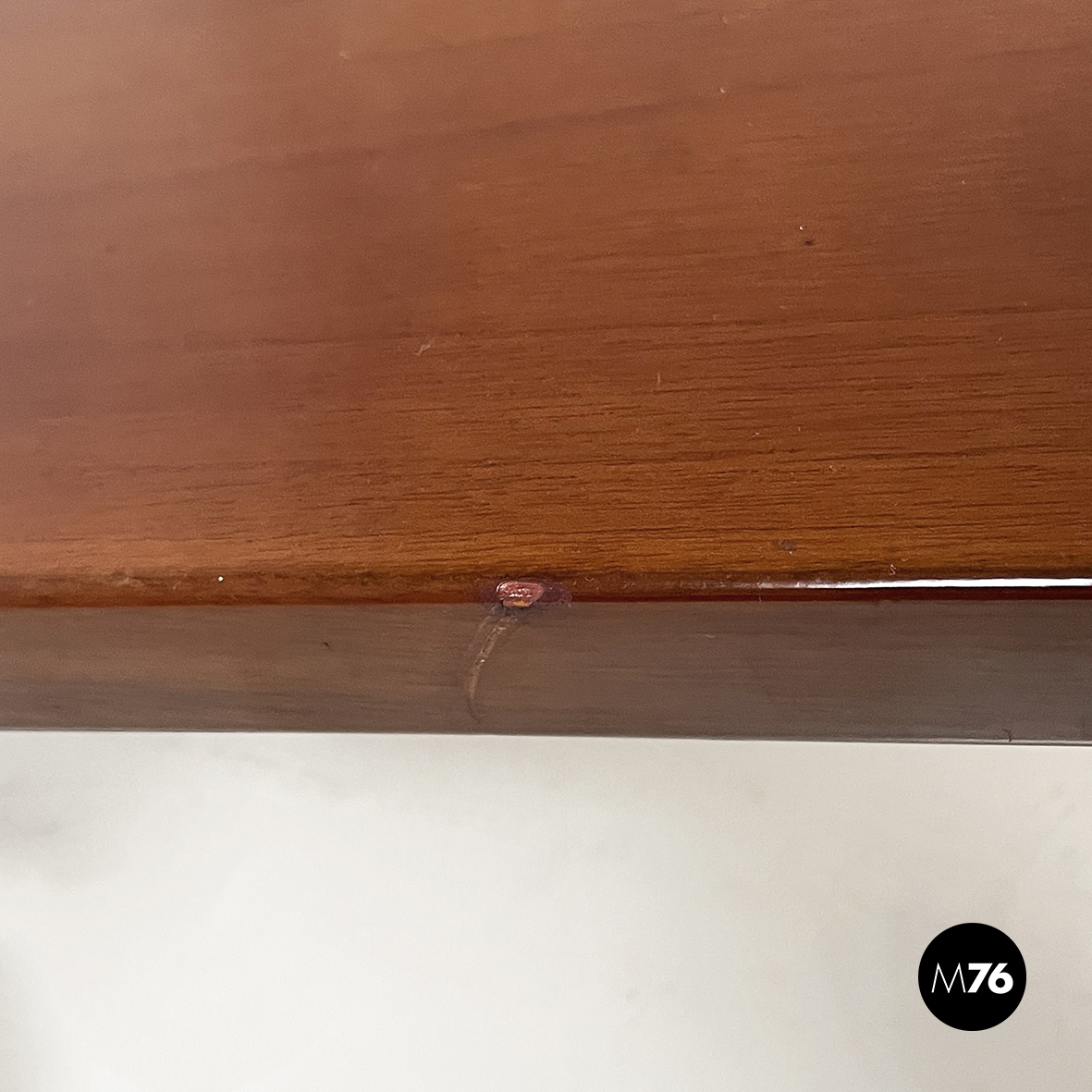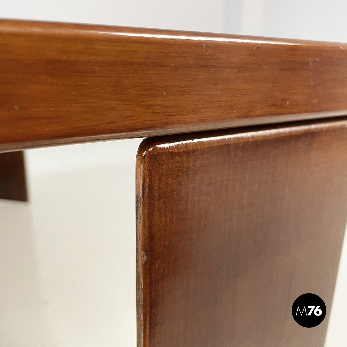 Tavolo da caffè con pianto quadrato in legno scuro. Le quattro zampe che sorreggono il piano sono a sezione triangolare anche esse in legno scuro.
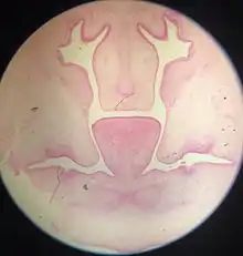 ![]() Frontal section of nasal cavities of a human embryo 28 mm. long (Kollmann) at about forty-four days. The two palatine processes can be seen here post-elevation in a horizontal position. The medial edges of the palatine processes are yet to fuse and form the roof of the oral cavity. | |
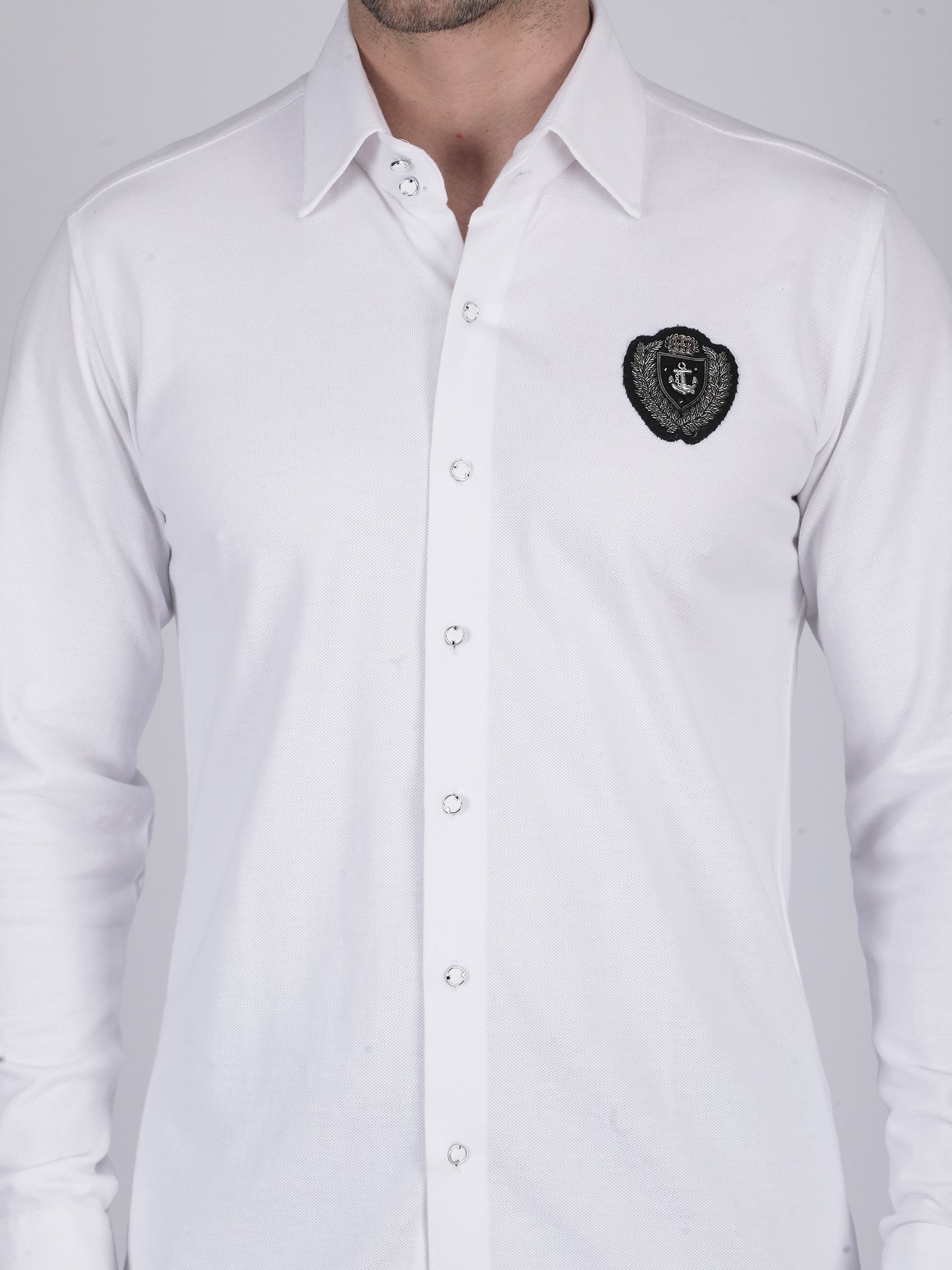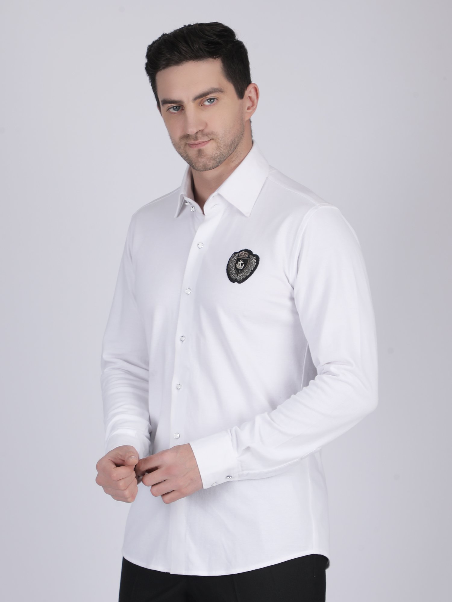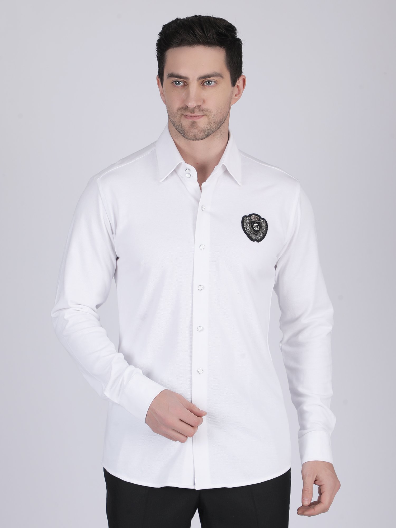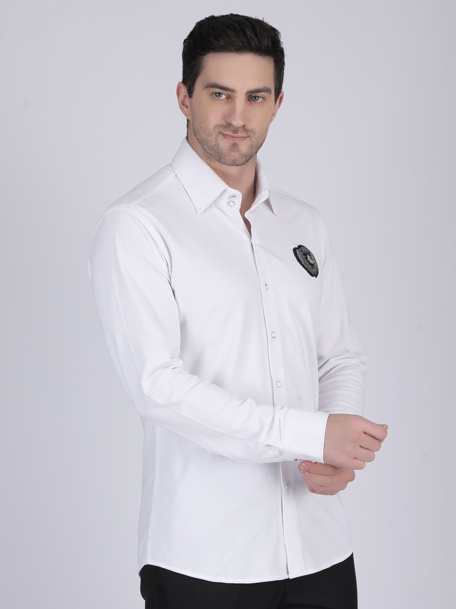 The knitted fabric feels soft, breathable, and comfortable for long wear. At the same time, it maintains a smooth and structured fall that enhances the tailored fit. The hand embroidered chest motif adds texture and a refined design detail, which elevates the overall look. Therefore, this White Knit Shirt blends comfort with craftsmanship, making it ideal for men who prefer minimal yet premium styling.

************

- **ABOUT THIS TASK**
Only the pictures in the listing above get left out; print everything else exactly.

- **WRITTEN ANSWER**
 Tavolo da caffè con pianto quadrato in legno scuro. Le quattro zampe che sorreggono il piano sono a sezione triangolare anche esse in legno scuro.
 ![]() Frontal section of nasal cavities of a human embryo 28 mm. long (Kollmann) at about forty-four days. The two palatine processes can be seen here post-elevation in a horizontal position. The medial edges of the palatine processes are yet to fuse and form the roof of the oral cavity. | |
 The knitted fabric feels soft, breathable, and comfortable for long wear. At the same time, it maintains a smooth and structured fall that enhances the tailored fit. The hand embroidered chest motif adds texture and a refined design detail, which elevates the overall look. Therefore, this White Knit Shirt blends comfort with craftsmanship, making it ideal for men who prefer minimal yet premium styling.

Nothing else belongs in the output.